Di Indonesia, kisah tumbangnya
kepemimpinan otoriter Suharto pada 1998, sehingga upaya untuk setidaknya
“menyurutkan” tindakan mahasiswa adalah membuatnya berpikir bahwa kondisi
pertanian biasa-biasa saja.
Adapun jika ditampilkan masalah, maka
utusan pemerintah ini biasanya akan memberikan contoh penyelesaian yang telah
dilakukan seperti bantuan alsintan (Alat produksi pertanian), dan lain
sebagainya, yang padahal hal tersebut tidak bisa dijamin pendistribusiannya
sudah merata atau belum.
Bilamana mahasiswa melakukan aksi,
jebakan halus yang biasanya dilakukan adalah mengajak mahasiswa untuk masuk
kedalam istana. Yang akhirnya akan berujung kepada tak berdayanya mahasiswa
sehingga mengambil sikap untuk pasrah. Hal ini saya rasakan ketika menjadi
mahasiswa pergerakan di kampus.
Bagaimana dengan akademisi-akademisi
professional seperti dosen dan peneliti? Apakah merasakan jebakan? Tentu saja
iya. Bahkan sekiranya tidak ingin terjebak, maka akademisi-akademisi tersebut
tidak akan mampu untuk tidak terjebak. Seminimal-minimalnya jebakan tersebut
adalah diam ketika kekuasaan-kekuasaan otoriter mengambil kebijakan pertanian
atau kebijakan apapun yang menzolimi rakyat.

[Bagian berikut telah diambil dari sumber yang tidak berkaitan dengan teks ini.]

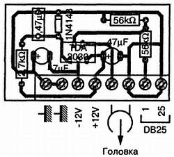 Чертеж печатной платы усилителя записи представлен на рис. 4.5. Размеры платы, что уже стало привычным, должны позволять разместить ее в непосредственной близости от записывающей головки.
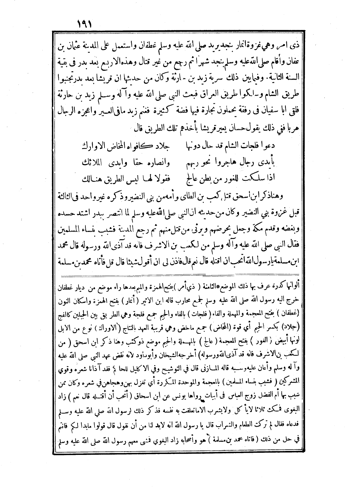 ذى امر وهي غزوة انمار بنجد يريد صلى الله عليه وسلم غطفان واستعمل على المدينة عثمان بن عفان وأقام صلى الله عليه وسلم بنجد شهر اثم رجع من غير قتال وهذه الاربع بعد بدر في بقية السنة الثانية. وفيما بين ذلك سرية زيد بن حارثة وكان من حديثها ان قريشا بعد بدر تجنبوا طريق الشام وسلكوا طريق العراق فبعث النبى صلى الله عليه وآله وسلم زيد بن حارثة فلقى ابا سفيان في رفقة يحملون تجارة فيها فضة كثيرة فغنم زيد ما في العير واعجزه الرجال هربا ففي ذلك يقول حسان يعير قريشا بأخذهم تلك الطريق قال

Sistem salah yang diterapkan meniscayakan
akademisi untuk berinovasi dengan tujuan akhir komersialisasi. Apakah
bermanfaat? Tentu bermanfaat namun bermanfaat hanya untuk perusahaan. Yang pada
akhirnya terciptalah monopolisasi harga atas suatu produk.
Dibalik itu, akademisi diberikan
jaminan hidupnya sebagai PNS yang akan diatur oleh negara bahkan opininya
sebisa mungkin tidak mencederai rezim atau perusahaan.
Jika itu terjadi maka siaplah pada
sistem hukum bathil yang sekarang masih terterapkan juga akan bersandiwara
dalam kejamnya politik, yakni ketika hukum terkendalikan dan telah
diautomatisasi untuk tajam ke bawah dan tumpul ke atas.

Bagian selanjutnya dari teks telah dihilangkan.